The City will pay $99,000 to plaintiff Michael Yeager, who said he was falsely arrested after being robbed and suffered lacerations that required 27 stitches.

AUSTIN, Texas — The City of Austin has agreed to settle a lawsuit by a California man who was taken to the ground by a police officer in 2018 in Downtown Austin.

The City will pay $99,000 to plaintiff Michael Yeager, who said he was falsely arrested after being robbed and suffered lacerations that required 27 stitches, as well as a concussion, separated shoulder, broken nose and fractured thumb. The money will come out of the City’s liability reserve and was approved in a 10-1 city council vote on Thursday, with Councilmember Mackenzie Kelly voting no.

Yeager, who was living in San Antonio at the time, was charged at the time with evading arrest and taken to the Travis County Jail. That charge was later dropped.

The officer accused in the lawsuit, Dusty Jester, was not charged over the incident, according to KVUE’s media partners at the Austin American-Statesman. Two other officers, Timothy Skeen and Bradley Hoover, were accused in an amended lawsuit of not intervening in Jester’s attack, with Hoover reportedly deploying a Taser and delivering two to three knee strikes to Yeager’s ribs.

"This was a situation in which APD supervisors had signed off on blatantly unconstitutional conduct," Yeager's lawyer, Jeff Edwards, told the Statesman. "It is the sincere hope of Mr. Yeager and my law firm that the City and the new leadership of the Austin Police Department will reexamine the way their officers evaluate misconduct."

RELATED: Lawsuit claims Austin officer attacked, falsely arrested man who had been robbed

The City’s legal department recommended the settlement amount, the Statesman reported. The city charter requires the city council to approve any settlement of more than $66,000.

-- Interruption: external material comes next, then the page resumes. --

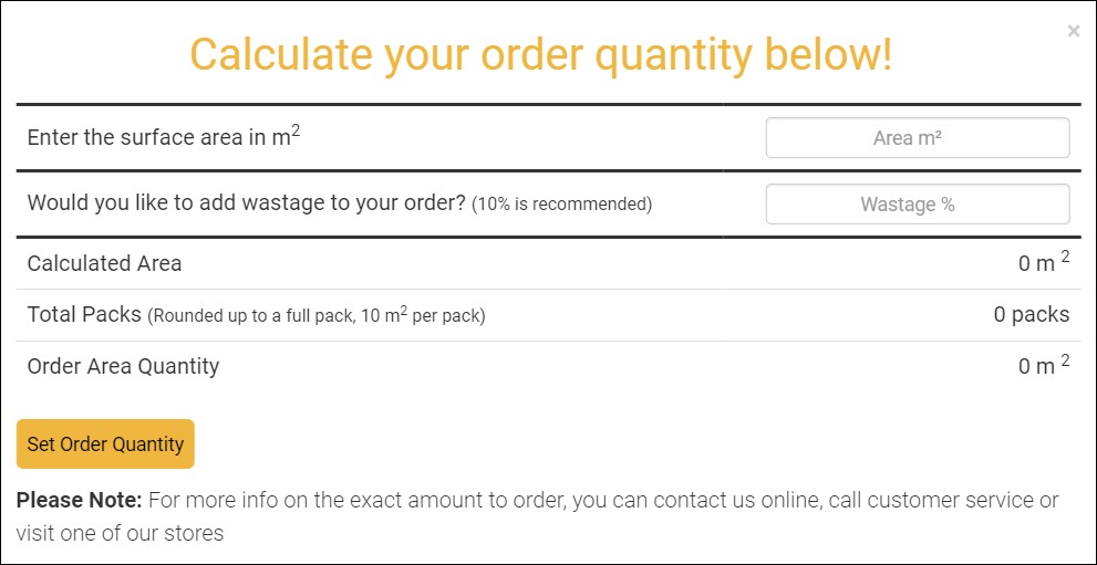 The Square Metre Calculator (SQM) gives your customers a tool that helps them calculate how much of a certain product they require to purchase. Only visible on products where a square metre value is available for use and where the product has a predetermined pack amount. Once your customer enters the data, the amount of product required is calculated. The SQM value is listed on the product page, and is converted to the appropriate number of packs when the product is added to the Cart.

A City spokesperson told KVUE: “While we are not in a position to discuss the specifics of this case, the City routinely seeks to resolve all disputes in an appropriate and timely manner. City Council action to approve the settlement is part of that process.”

Yeager’s lawyers said he was in town with his girlfriend in November 2018 to watch a Texas Longhorns football game. While they were waiting at a stoplight on the Interstate Highway 35 frontage road, several men robbed him and his girlfriend.

As Yeager was explaining to an officer what happened, the lawsuit claimed Jester began sprinting directly at him and tackled him to the ground.